Murderer Danielle Simpson (left) who faces execution on Wednesday speaks about his nine-year term spent locked up in solitary.

Danielle Simpson's scrawled note to the appeal court left the judges in no doubt. "If I can't be free – Kill Me.!!" the Texas death row prisoner demanded in a rambling and sometimes incoherent handwritten plea earlier this year. "I'm tired of being in a institution that's unjust, degrading, and corrupted … I'm tired of struggling to survive in a system that's highly injustices. I'm ready to die!!" Simpson underlined "Kill Me" twice.

The court granted the convicted murderer his wish. It ruled that he was quite reasoned in deciding that life on death row was worse than death itself.

A judge set Simpson's execution date, and on Wednesday, barring a last-minute stay, he will die by lethal injection in the US state that leads the field in official killings, with 21 so far this year. Two other men are due to die along with Simpson this week. They are among nearly 350 condemned men and 10 women in Texas.

The 29-year-old African-American father of two arrived late for our meeting, delayed by the bureaucracy that makes him one of the unfortunate few to know to within a few minutes when his life will be over.

"I was filling out my execution paperwork. What I want done with my remains, who all I want to witness my execution, my last meal.
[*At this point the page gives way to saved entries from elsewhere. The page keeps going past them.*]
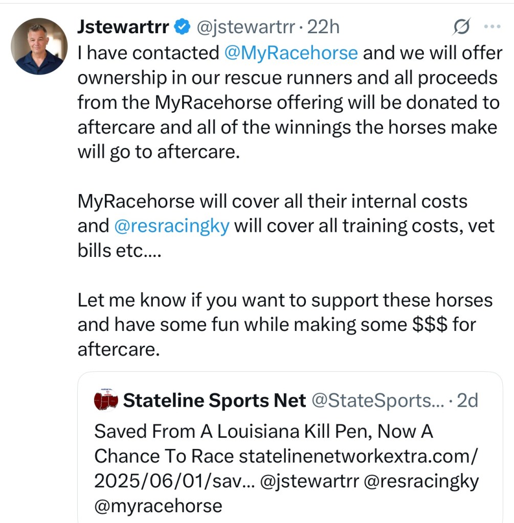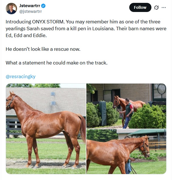 The two were acquired at a Louisiana Kill Pen, for both of them the good news was that the right horse people showed up and decided to give them a ‘fresh start‘. Purchasing thoroughbreds from a horse kill pen with the expectations of racing them at a high level is not something that happens on a regular basis. But that is exactly what is taking place. Today both are in training at Winstar.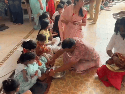 दोपहर बाद महाआरती की गई और उसके बाद देवी स्वरूप कन्याओं के चरण धोकर उन्हें तिलक लगाकर चुनरी ओढ़ाई गई और मुंह मीठा करने के बाद उन्हें भोजन प्रसाद कराया गया।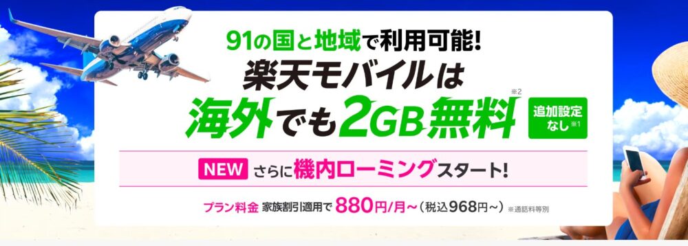 昔から海外でも使えて便利と評判なのは、楽天モバイル。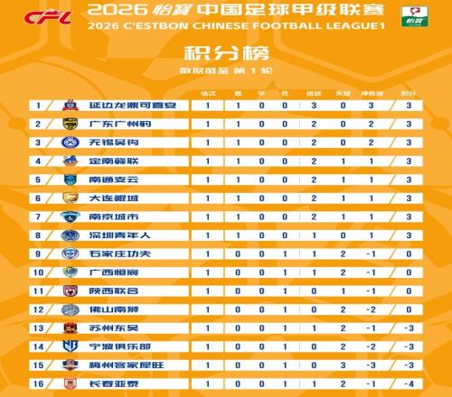 需要说明的是,长春亚泰、梅州客家分别是-4分、-3分开局,这无疑让他们雪上加霜。另外2支负分开局的球队宁波队、苏州东吴,首轮也告负。其中,宁波队在揭幕战中客场0-2完败冲超热门广东广州豹,苏州东吴则主场1-2不敌远道而来的大连鲲城。他们的积分也都停留在-3分。
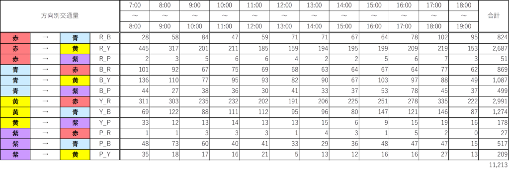 方向別時間帯別交通量の出力例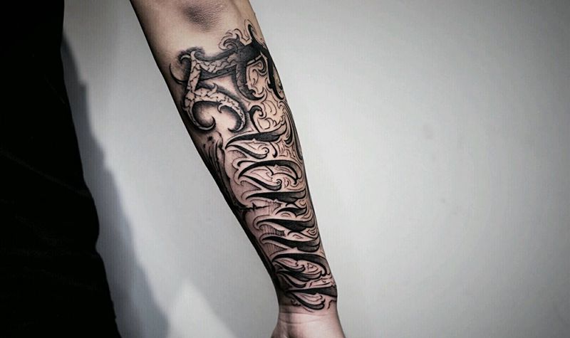 Eternal纹身图片_手臂手部欧美字符原创花体字奇卡诺花成品纹身图案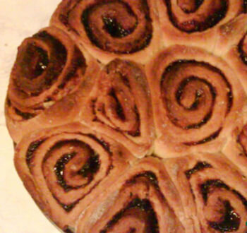 Тесто опять помещаем в большую миску в тёплое и сухое место на 1 час. После чего на плоской деревянной доске, присыпанной мукой, необходимо раскатать тесто скалкой в форме прямоугольника, который необходимо смазать начинкой – джемом или вареньем. Если вы хотите изменить вкус варенья, например, джем кажется вам слишком кислым, то можете его смешать с сахаром. И наоборот, если варенье слишком сладкое в него можно добавить лимонную кислоту на кончике ножа.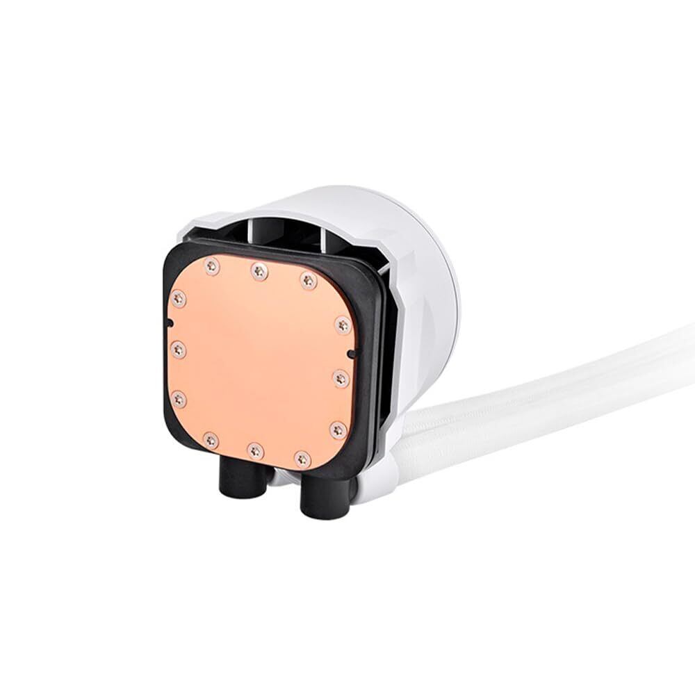 「『Thermaltake TH240 ARGB Sync V2 -Snow-』は、240mmのラジエーターと120mm ARGBファン2基を搭載した高性能な簡易水冷CPUクーラーです!ファンの美しいARGBライティングが、あらゆるシステムにスタイリッシュな演出を加え、優れた冷却性能でCPUをしっかりとサポートします。」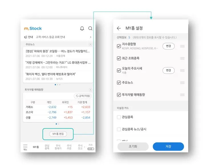 • 메인화면 하단에서 MY홈 편집을 통해 메인화면 정보를 커스터마이징 할 수 있음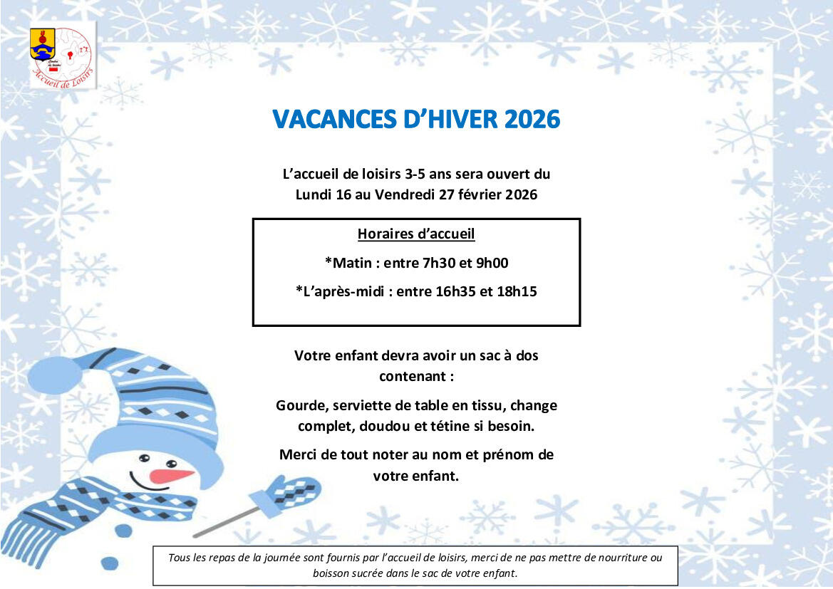 ❄️ Accueil de loisirs 3–5 ans – Vacances d’hiver 2026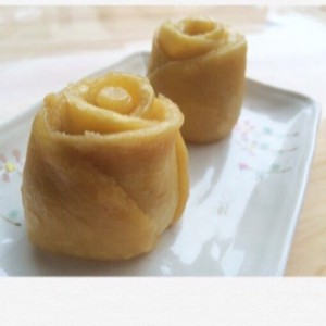 用筷子当面团中间用力夹成两半 就做成两个玫瑰花馒头了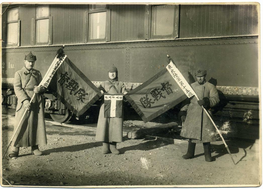 Бойцы РККА с трофейными знамёнами Чжан Сюэлянa. Фото: из открытых источников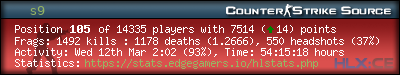 | Rank | Server | Kills | % | Ratio | Deaths | K:D | Headshots | Percentage of Headshots | % | HS:K |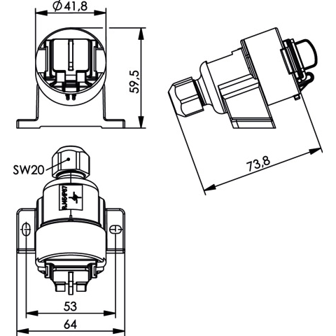 Connector for modern industrial applications need to be designed in such a way that they simplify processes and cope with faster data transmission. The connector of Variant 6 are standardized in the IEC 61076-3-106, designed to meet the demands of harsh industrial environments, guaranteeing protection class IP67 when mated. The locking clasps allow easy, tool-less opening as well as a secure locking with protection class IP67. The RJ45 plug and bulkhead inserts stand out due to high power reserves and offer transmission characteristics of Class EA acc. to ISO/IEC11801.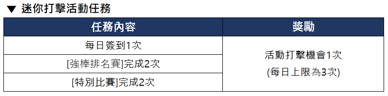 - 透過每日任務,每日最多可獲得3次活動打擊機會。

Stuff like that," he said. "I'm still undecided whether I want to be cremated or [have] a service. Probably won't know that until the last minute. As for the last meal, I don't want anything. This place doesn't deserve that type of interest from me to want to have that last meal."

Simpson is brought to the steel visiting cage in manacles. After the door is bolted, he bends and forces his hands backwards through a slot for the guard to unlock the cuffs. Between us is the thick glass that has kept him from any physical contact with the world beyond death row for nine years.

He is dressed in the thin white cotton uniform of the condemned man. He has a closely cropped beard, a soft voice and a gentle manner that is disconcertingly at odds with his unfathomable crime. On 26 January 2000 he led his 17-year-old wife, younger teenage brother and a 13-year-old cousin on a burglary in Palestine, Texas, to find money to buy crack cocaine. Geraldine Davidson, 84, a former schoolteacher, returned home and interrupted the robbery. She was bound and gagged with tape and forced into the boot of her car.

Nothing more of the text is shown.